CRISPR-Cas is one of many new and more precise genetic editing tools that allow for targeted changes at pre-defined locations in plant DNA. Many of these new techniques involve inducing changes within the same organism, but the technologies can also be used to do conventional transgenic engineering more precisely.
Earlier this year, a CRISPR-Cas edited waxy corn seed developed by DuPont Pioneer was allowed by the USDA without regulatory approval because the technology did not fit the criteria for a genetically engineered organism under the agency’s criteria outlined in 7 CFR part 340 of the Plant Protection Act.
Gurian-Sherman said we should not read too much into the USDA’s decision, because the regulation contains a loophole that could change.

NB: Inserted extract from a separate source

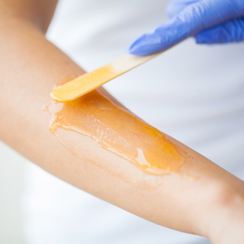 For nose waxing, a gentle hard wax is used because it adheres to the hair without sticking aggressively to the skin. This type of wax is more suitable for sensitive areas.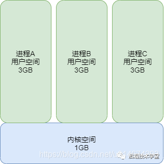 4GB 的进程虚拟地址空间被分成两部分:「用户空间」和 「内核空间」:

There are also more than 30 past examples of products that were allowed by the USDA, even with the conventional techniques, he said.
Scientists and industry stakeholders are nonetheless hopeful that regulators will treat gene editing differently.
CropLife International argues in a position document that the new techniques “result in products which are similar or indistinguishable from products developed through traditional breeding methods.” It is calling for a lenient and globally harmonized approach. It is also calling on regulators to clarify their positions as soon as possible.
DuPont Pioneer said in a press release it expected its “waxy corn hybrids” to be available to farmers within five years. The product would be one of the first CRISPR-Cas enabled agricultural products to be commercialized by any company.
“This is just the beginning,” said Neal Gutterson, vice president of research and development for DuPont Pioneer, in the release. Dupont has established research collaborations and intellectual property licenses with Vilnius University and with Caribou Biosciences.
In August of this year Bayer also signed an agreement with CRISPR Therapeutics to invest $335 million to create a joint venture named Casebia Therapeutics through which Bayer will have access to CRISPR technologies for agricultural applications.
Dr. Fraley believes that to keep up with the overall pace of change in the world today, investment in agricultural technology needs to increase exponentially.
“Our industry is changing … and it need to … because the solutions we need can only come if companies embrace new technology, increase their investments, and accelerate research and development,” said Fraley in testimony.
Maywa Montenegro, a doctoral candidate at the University of California–Berkeley, said it will be important going forward to consider the intention behind the use of a new technology like CRISPR.
Will it be used for more herbicide-resistant crops and to reinforce technological agriculture? “People are raising more critical concerns about the health and environmental impact of this technology.”
CLARIFICATION: A previous version of this article mischaracterized the work of land grant colleges and universities and misattributed it to Doug Gurian-Sherman. Land grant colleges and universities are primarily focused on industrial agricultural systems, while a small but important part of their research deals with an alternative farming system known as acroecology. Epoch Times regrets the error.